WHAT YOU SHOULD DO
Could you restate, exactly and with nothing added, the lines from the start of the data through the line that holds "Складная рукоятка, съёмный", leaving the pictures out?

-=-=-=-=-

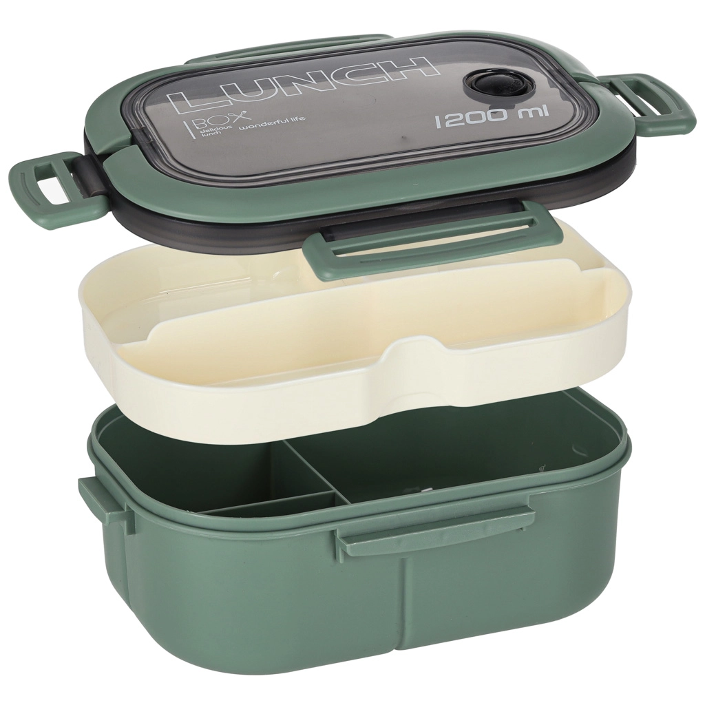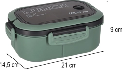 Una fiambrera estilosa y funcional en tonos de verde ofrece una capacidad de 1200 ml y una distribución pensada para transportar cómodamente toda la comida. Gracias a la bandeja extraíble con 3 compartimentos mantendrás las raciones separadas sin mezclar sabores.
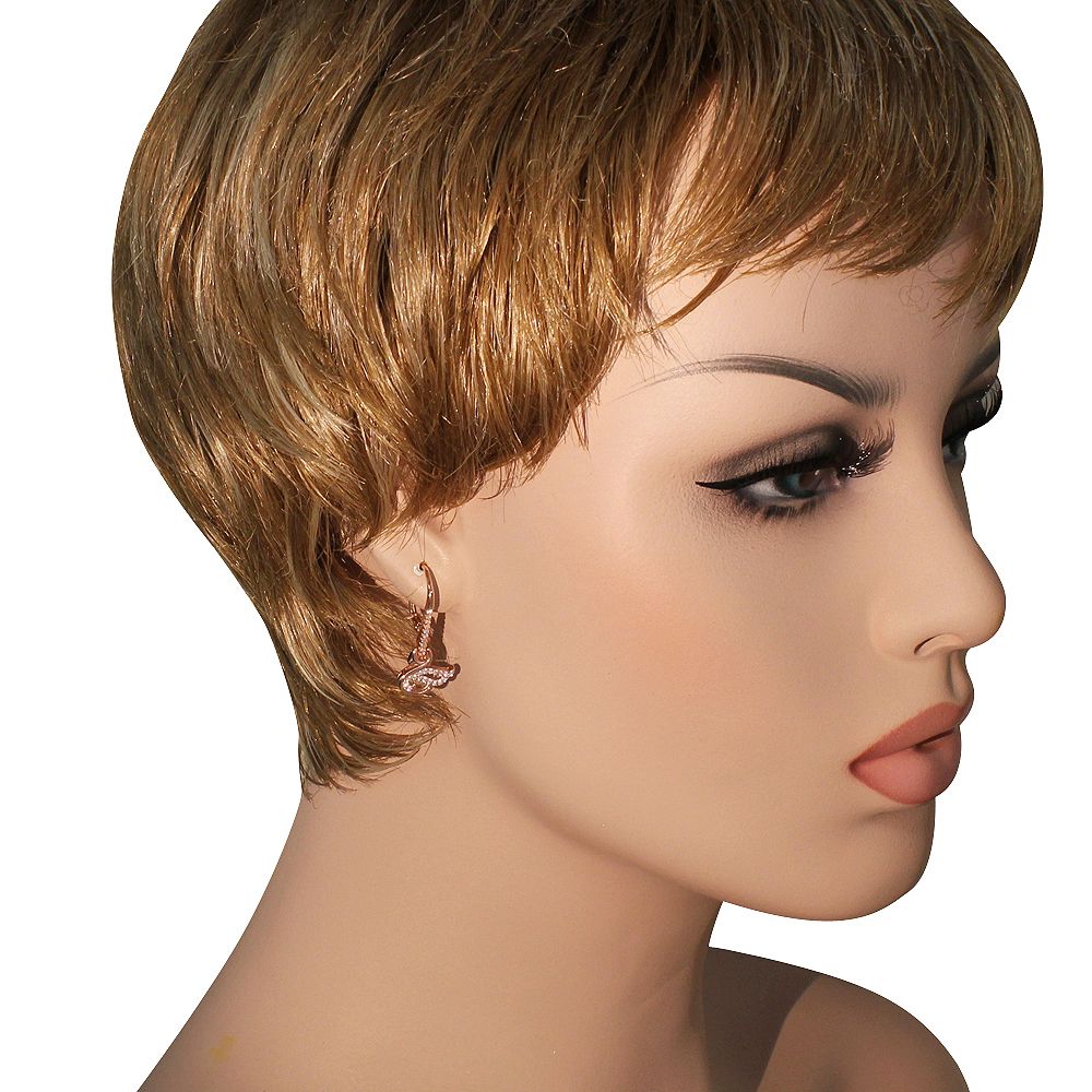 Feature 1: | ANIMAL DESIGN, rose gold tone swan bird drop dangle earrings with sparkling stone accents |
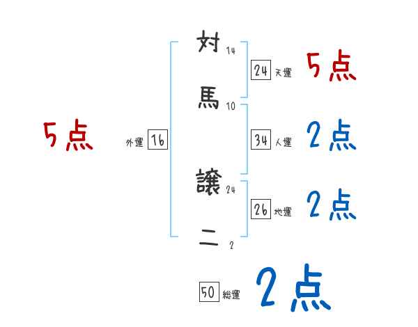 対馬譲二さんの画数の鑑定結果
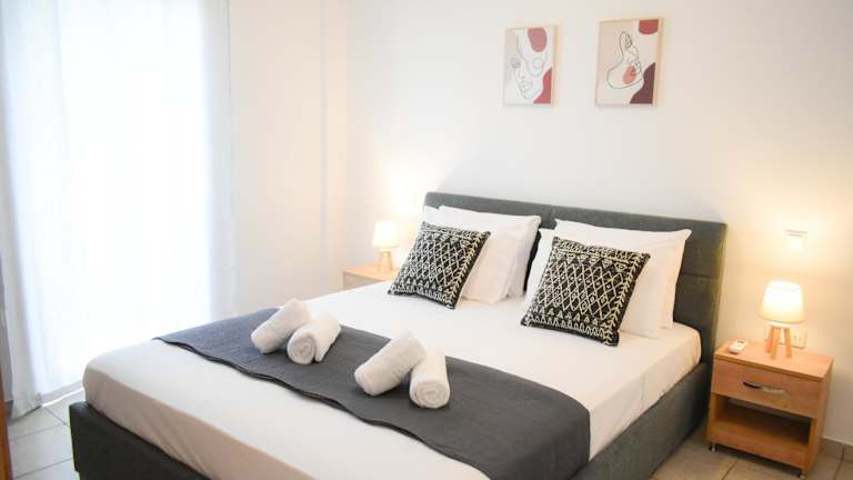 Die klimatisierten Apartments der S&G Luxury Apartments - Makri Gialos verfügen über 2 Schlafzimmer, ein Wohnzimmer und eine voll ausgestattete Küche mit Kühlschrank und Kaffeemaschine. Das Apartment bietet zudem ein Badezimmer mit Dusche und Haartrockner. Handtücher und Bettwäsche werden gestellt, sodass Sie sich um nichts kümmern müssen. Genießen Sie den Komfort und die Privatsphäre dieses Apartments während Ihres Aufenthalts.
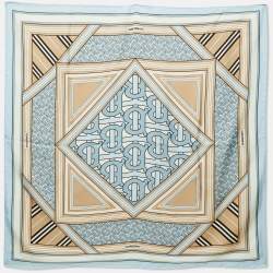 Burberry Beige/pink Silverware Print Silk Double Layered Scarf
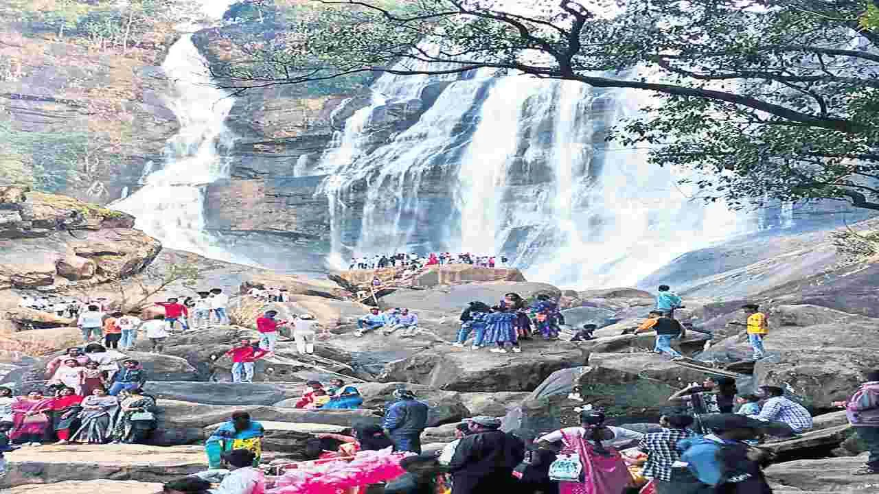 పెదబయలు: మండలంలోని పర్యాటక ప్రాంతాలు సందర్శకులతో కిటకిటలాడాయి. శనివారం వివిధ ప్రాంతాల నుంచి వచ్చిన పర్యాటకులు జామిగూడ పంచాయతీలోని తారాబు జలపాతం వద్ద సందడి చేశారు. పచ్చని అడవుల మధ్య 160 నుంచి 250 అడుగుల ఎత్తైన కొండల నుంచి పాల నురుగలా జాలువారే తారాబు జలపాతం పర్యాటకులను విశేషంగా ఆకట్టుకుంది. ఇది రాష్ట్రంలో రెండో ఎత్తైన జలపాతంగా ప్రసిద్ధి చెందింది. నిత్యం ఇక్కడి వందల సంఖ్యలోను, వీకెండ్ సమయాల్లో వేల సంఖ్యల్లో సందర్శకులు వచ్చి సందడి చేస్తున్నారు.
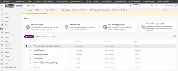 - Sign in to Power Apps as an environment administrator user.
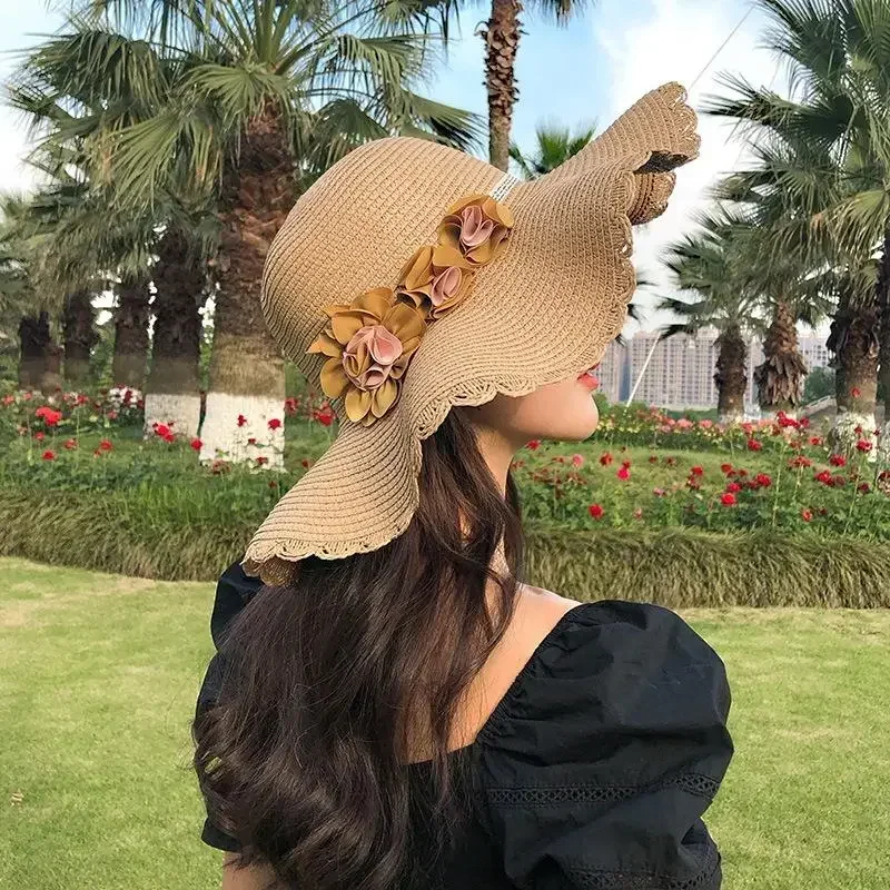 Nuevos sombreros de playa de verano a la moda para niña, sombrero tejido para el sol, nuevo sombrero coreano de flores para mujer, accesorios finos y transpirables, regalos creativos
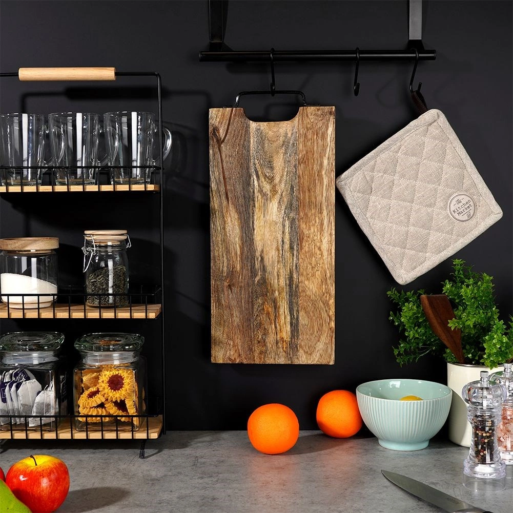 A robusztus fekete fogantyú megkönnyíti a hordozást és a konyhai sínre akasztást – a deszka mindig kéznél van és jól szárad.
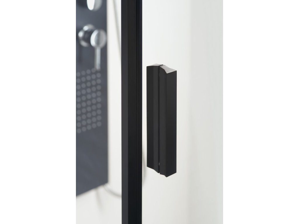 Speciálně navržené madlo pro pohodlné otevírání dveří. Ploché magnetické těsnění skryté v hliníkovém profilu v moderním matně černém provedení. Stěnové nerovnosti skryje hliníkový profil v černé, do kterého lze zasunout sklo dle potřeby až 20 mm. Otočný profil se zvedací funkcí pro pohodlné otevírání.
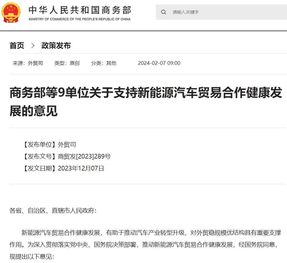 新能源汽车贸易合作健康发展,有助于推动汽车产业转型升级,对外贸稳规模优结构具有重要支撑作用。为深入贯彻落实党中央、国务院决策部署,推动新能源汽车贸易合作健康发展,经国务院同意,现提出以下意见:
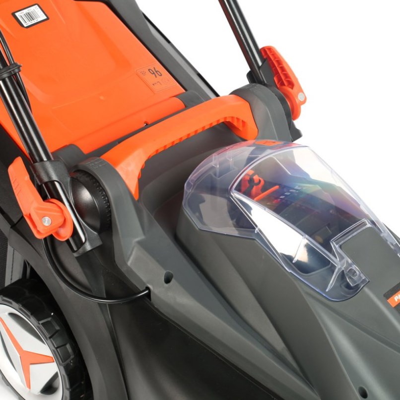 Складная рукоятка, съёмный травосборник и компактный размер позволяют легко транспортировать и хранить газонокосилку.
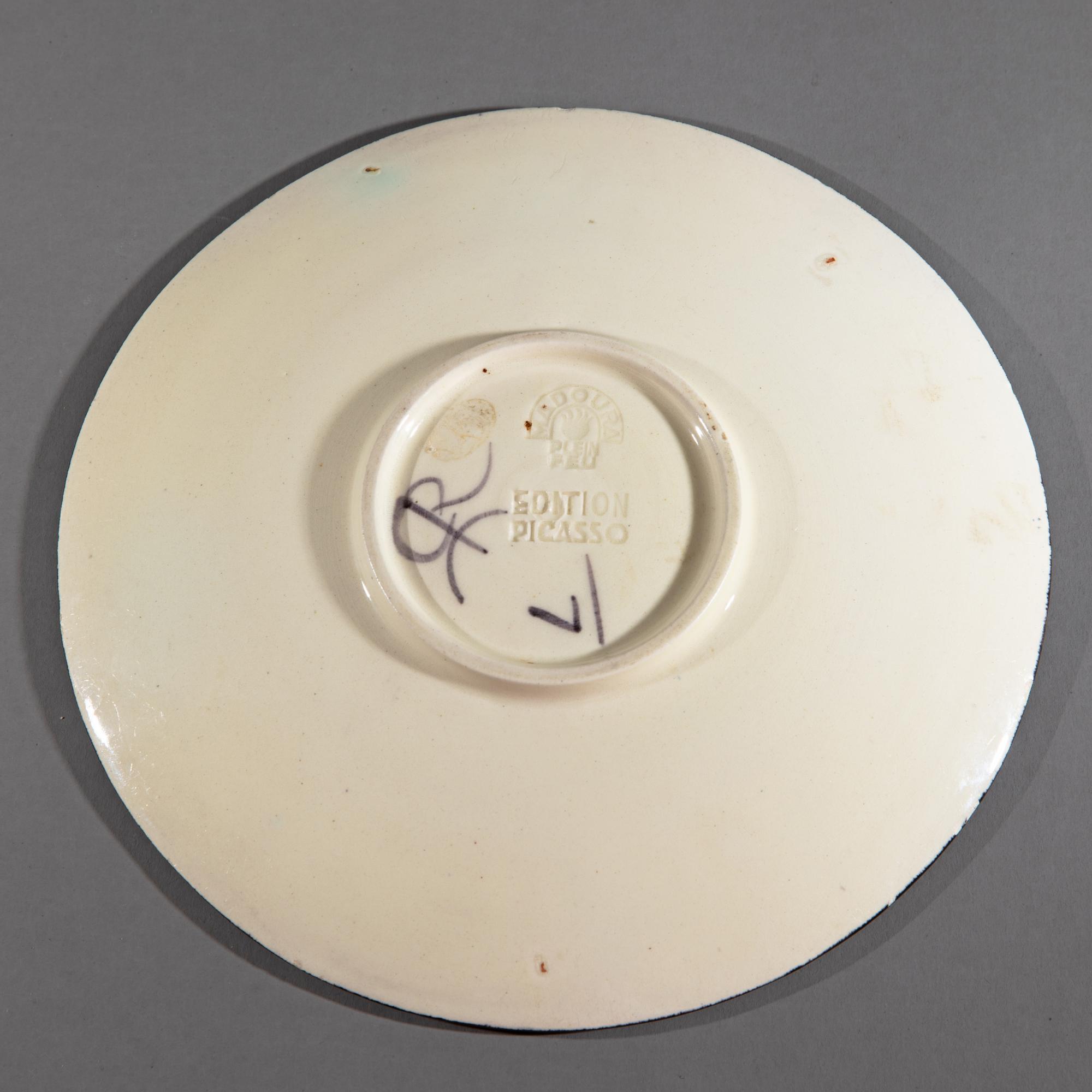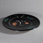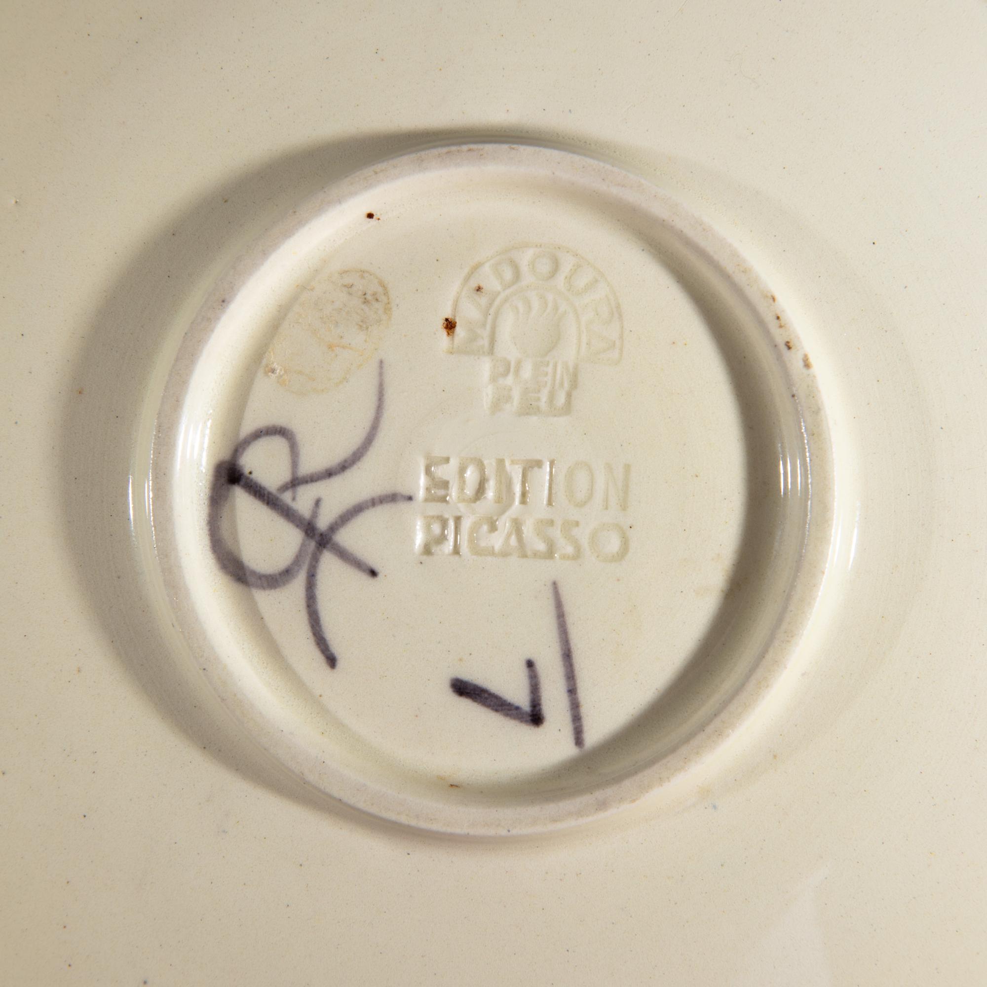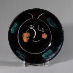 Weißer Steingutscherben, mit farbiger Engobe und Glasur. D. 24 cm. Auf der Unterseite bezeichnet: L (gemalt) und zwei Editionsstempel: MADOURA PLEIN FEU / EDITION PICASSO. Eines von 100 Exemplaren.
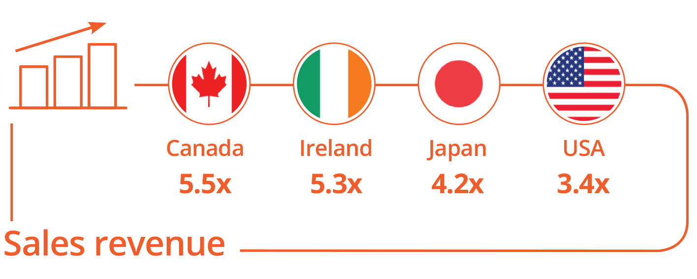 In Ireland, for example, Sigma Sports saw sales revenue increase by 5.3x, in the USA by 3.4x and in Japan by 4.2x.
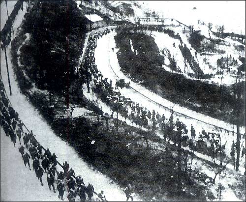 During the South Guangxi Campaign the Chinese army heavily mauled the Japanese forces at Kunlunguan Pass. Photo shows Chinese troops advancing.

-=-=-=-=-

ANSWER TO THE PROBLEM
 Una fiambrera estilosa y funcional en tonos de verde ofrece una capacidad de 1200 ml y una distribución pensada para transportar cómodamente toda la comida. Gracias a la bandeja extraíble con 3 compartimentos mantendrás las raciones separadas sin mezclar sabores.
 Feature 1: | ANIMAL DESIGN, rose gold tone swan bird drop dangle earrings with sparkling stone accents |
 対馬譲二さんの画数の鑑定結果
 Die klimatisierten Apartments der S&G Luxury Apartments - Makri Gialos verfügen über 2 Schlafzimmer, ein Wohnzimmer und eine voll ausgestattete Küche mit Kühlschrank und Kaffeemaschine. Das Apartment bietet zudem ein Badezimmer mit Dusche und Haartrockner. Handtücher und Bettwäsche werden gestellt, sodass Sie sich um nichts kümmern müssen. Genießen Sie den Komfort und die Privatsphäre dieses Apartments während Ihres Aufenthalts.
 Burberry Beige/pink Silverware Print Silk Double Layered Scarf
 పెదబయలు: మండలంలోని పర్యాటక ప్రాంతాలు సందర్శకులతో కిటకిటలాడాయి. శనివారం వివిధ ప్రాంతాల నుంచి వచ్చిన పర్యాటకులు జామిగూడ పంచాయతీలోని తారాబు జలపాతం వద్ద సందడి చేశారు. పచ్చని అడవుల మధ్య 160 నుంచి 250 అడుగుల ఎత్తైన కొండల నుంచి పాల నురుగలా జాలువారే తారాబు జలపాతం పర్యాటకులను విశేషంగా ఆకట్టుకుంది. ఇది రాష్ట్రంలో రెండో ఎత్తైన జలపాతంగా ప్రసిద్ధి చెందింది. నిత్యం ఇక్కడి వందల సంఖ్యలోను, వీకెండ్ సమయాల్లో వేల సంఖ్యల్లో సందర్శకులు వచ్చి సందడి చేస్తున్నారు.
 - Sign in to Power Apps as an environment administrator user.
 Nuevos sombreros de playa de verano a la moda para niña, sombrero tejido para el sol, nuevo sombrero coreano de flores para mujer, accesorios finos y transpirables, regalos creativos
 A robusztus fekete fogantyú megkönnyíti a hordozást és a konyhai sínre akasztást – a deszka mindig kéznél van és jól szárad.
 Speciálně navržené madlo pro pohodlné otevírání dveří. Ploché magnetické těsnění skryté v hliníkovém profilu v moderním matně černém provedení. Stěnové nerovnosti skryje hliníkový profil v černé, do kterého lze zasunout sklo dle potřeby až 20 mm. Otočný profil se zvedací funkcí pro pohodlné otevírání.
 新能源汽车贸易合作健康发展,有助于推动汽车产业转型升级,对外贸稳规模优结构具有重要支撑作用。为深入贯彻落实党中央、国务院决策部署,推动新能源汽车贸易合作健康发展,经国务院同意,现提出以下意见:
 Складная рукоятка, съёмный травосборник и компактный размер позволяют легко транспортировать и хранить газонокосилку.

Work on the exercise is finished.